男性の2020年の手帳。就職活動の予定が書き込まれていた

 20年春は企業説明会の中止が相次いだ。夏以降、企業面接への参加を再開したが、就職には結びついていない。「自分のことをうまく伝えられていないのかな」と自身に反省材料を見つける半面、「選択肢をゆがめられたかもしれない」と感じることもある。

 この1年を「すごい時代に就職活動がぶつかった。言葉にできないほどのストレスに耐える日々だった」と振り返る。「自分の居場所はないのかな」との不安を抱えながらも、「自立して、しっかり仕事して社会貢献したい」と願い、会社説明会への参加を続けている。
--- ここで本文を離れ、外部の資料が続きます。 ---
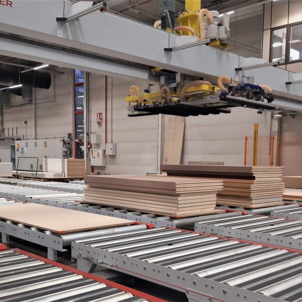 - Zur Bestückung und Abnahme, vor und nach Bearbeitungsmaschinen (z.B. Imprägnier- oder Fräsanlagen)

 西京区の粟津綾香さん(28)も求職中にコロナ禍が重なった一人だ。前職を20年3月に退職。それまでも転職を経験していたが、コロナ禍は以前と比べて就職が難しかった。退職前に面接した企業から内々定を得ていたが、コロナを理由に取り消しとなった。その後も希望する求人の募集は少なかった。

 9月にコロナの影響を受けた人を正規雇用につなげる京都府の「京都未来塾」に参加し、活路が開けた。京つけもの西利(下京区)での研修を経て、12月に正社員での就職が決まった。前職がIT系の広告業だったことと、コロナの影響でインターネット販売に力を入れる同社の人材への需要がうまく合致した。

難しい時期の転職を乗り切り、新しい職を得た粟津さん(1月7日、下京区・京つけもの西利)

 モノトーンのスーツに同社の名札を身につけた粟津さんは「働くのは楽しい」と話した。

 中京区の伊澤景さん(24)は20年9月、書道用品の販売や展覧会の設営を行う会社を退職した。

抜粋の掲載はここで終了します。